June 21, 2024 | Researchers at the Karolinska Institute in Stockholm, Sweden, have developed a new device for detecting malignant melanoma. Melanoma affects about one million people every year across the world, and over the past two decades, cases of melanoma have significantly increased due to higher rates of exposure to ultraviolet radiation and climate change (Advanced Materials, DOI: 10.1002/adma.202403758). According to Onur Parlak, assistant professor in the Department of Medicine, Solna, Dermatology, and Venereology at the Karolinska Institute and one of the researchers of this study, it is predicted that melanoma cases will increase by as much as 80% in the near future.

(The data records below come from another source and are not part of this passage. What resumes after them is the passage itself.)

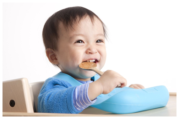 1歳になると、固形の食べ物を歯ぐきや歯でつぶして食べられるようになります。手づかみで食べようとしますが、食べる楽しさを体感できる経験なので、制止せずに食べさせてあげてください。食後は赤ちゃん用の歯ブラシを使ってお手入れすることで、食べた後はしっかりみがくという習慣の定着につながります。
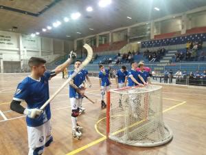Novara - Un pareggio contro la prima della classe per il debutto sulla panchina dell’Azzurra Novara di Paolo Campanati, nel 13° turno del campionato di A2 al Pala Dal Lago sabato 15 aprile contro la capolista Amatori Modena. Una partita equilibrata, corretta e piacevole, che ha visto i padroni di casa passare in vantaggio con il sempre bravo Brusa e subire il pari a 126” dalla fine grazie ad una prodezza di Pochettino. Di fronte una buona cornice di pubblico, con la curva decisamente più piena rispetto ad altre occasioni (bentornata ‘Gioventù Bruciata’!) le squadre scendono in campo con questi quintetti: i locali con Gilli, Brusa, Ferrari, Mattia e Andrea Gori; i ‘canarini’ invece con: Moncalieri, Cervi, Siberiani, Pochettino e Beato. Nel primo tempo sembra di assistere ad un incontro di boxe, dove i due contendenti se le suonano di santa ragione, ma nessuno dei due ha il sopravvento sull’altro. La chance più importante è comunque per l’Amatori, che dimostra in campo di meritare il 1° posto in campionato: l’arbitro Molli esibisce un blu (forse severo) a Bergamin e il tiro diretto di Pochettino è respinto dall’eccellente Gilli (il migliore in campo). Poco prima l’Azzurra non aveva approfittato della superiorità numerica per il blu esibito invece a capitan Beato.
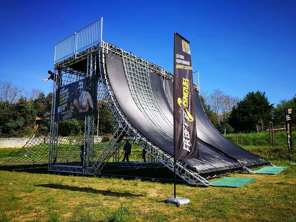 Ouch… Le nouveau « FRAPPAWALL » , rampe assez haute en toile est LE gros challenge de la course. En effet, j’ai testé une fois avant la course et les crampons des chaussures dérapent littéralement sur la toile. Julien des Limoges Mud Runner assure le live Facebook et m’encourage. Merci à lui! Je suis en direct donc je n’ai vraiment pas le droit de me craquer ^^. Je sprinte et direct mon pied dérape. Je mouline tout ce que je peux et me jette mais il me manque tellement ^^ Loin du compte…à priori tous les coureurs devant auraient échoué également. Cet obstacle est vraiment le plus dur que j’ai rencontré jusque là à égalité avec la rampe de TOUGH VIKING. Sur le second essai, je passe par la partie facile de gauche. Bouh ! Petit joueur : pénalité.
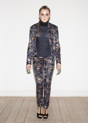 Long-sleeved star shirt made of doubled tulle in ivory with two-tone sequin embroidery
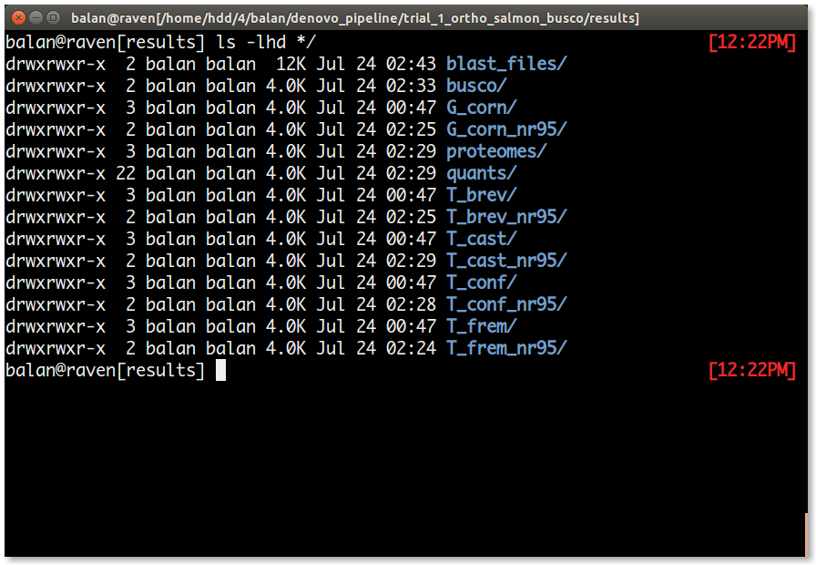 | 5. | [species_name] | This directory has the trinity output files and the renamed initial de novo transcriptome assembly. In the tutorial, the directories are named G_corn, T_brev, T_cast, T_conf, T_frem. |

The Device’s Design and How It Works
With cases expected to nearly double, a quick and efficient way to diagnose melanoma is needed. The research team created a patch equipped with microneedles that can identify tyrosinase (Tyr), an enzyme that is intricately involved in melanin production and is a critical biomarker for melanoma diagnosis, directly in the skin. By measuring Tyr levels directly in the skin, researchers can quickly identify changes linked to disease.
The main motivation behind the study was to produce a small epidermal patch that can be an alternative to traditional invasive and time-consuming diagnostic methods, such as taking biopsies in the clinic, followed by complementary laboratory-based testing, which requires trained professionals and expensive equipment.

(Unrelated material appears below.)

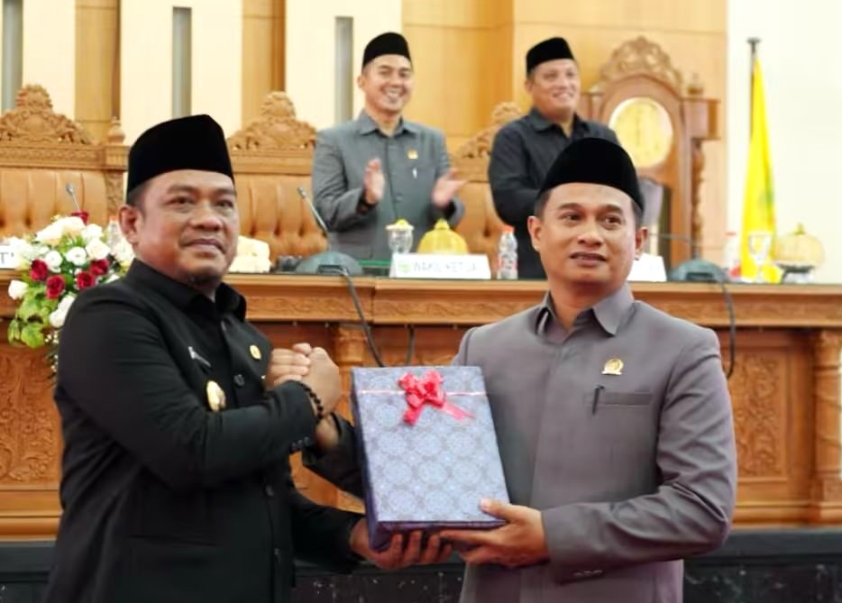 Bupati Luwu H. Patahudding menyerahkan dokumen KUA-PPAS 2026 kepada Ketua DPRD Luwu dalam rapat paripurna, sebagai langkah awal pembahasan APBD tahun depan. (FT: Ist)

Microneedles puncture the skin and are designed to be electrically conductive and mechanically stable by mixing polyurethane (PU) and poly(3,4-ethylenedioxythiophene)-poly(styrene sulfonate) (PEDOT:PSS). Then, the microneedles’ surfaces are coated with a Tyr-responsive chemical probe that enables a specific oxidation reaction between Tyr and the probe (Advanced Materials, DOI: 10.1002/adma.202403758). When brought together in an electrical circuit, the five-millimeter-sized patch can test for Tyr (Advanced Materials, DOI: 10.1002/adma.202403758) in the skin. Patients and clinicians can then read the results on a computer or other measurement reader connected to the device via a cable.
Though the device was applied to a healthy human skin model, it can also be applied to suspicious areas of skin, such as oddly colored areas, shapes, moles, and so on. The patch is simply pressed down and can be removed “as easy as peeling a Band-Aid,” according to Parlak. The device is not meant for long-term use, but it can be reapplied. For example, a patient can test an area of regular, healthy-looking skin, take it off, and then apply it to another spot that looks suspicious. The measurement reading is done in less than a minute.
Incidentally, the reusability of the device was a pleasant—and important—discovery during the experiment. Typically, unless enzymes or different biorecognition elements are used, sensors saturate over time, giving them a short lifetime. But when the team applied low electrical voltages to the microneedle, the sensor surface—particularly Tyr-responsive probes—for their device was able to regenerate, Parlak explains.
Easily Accessible for Patients
Ultimately, the goal is to follow the same strategy as glucometers that measure blood sugar levels. Many glucometers have smartphone apps for patients to track their blood sugar levels and access their information. Parlak relays, “At this stage, we haven’t developed an application yet, therefore patients or viewers need to read out the values from the computer screen that the microneedle patch is connected to with the cable.”
There is also a possibility that the patch will be over-the-counter and commercially available like glucometers, but Parlak says, “It’s difficult to say at this stage... It’s out of the lab and depends on the market, requests, and investment.” He also elaborates that further clinical testing and trials are required.
For clinicians and other medical professionals, they can look forward to a valuable and versatile tool that can make the diagnosis process easier and more efficient. For patients, Parlak highlights the importance of the non-invasive nature of the patch and how it can provide patients comfort and compliance, as well as making it easier to monitor skin health without multiple trips to the clinic.
As for next steps, Parlak says, “There are a lot of things to be done further and enhancing the sensor functionality [is what] we are currently working on.”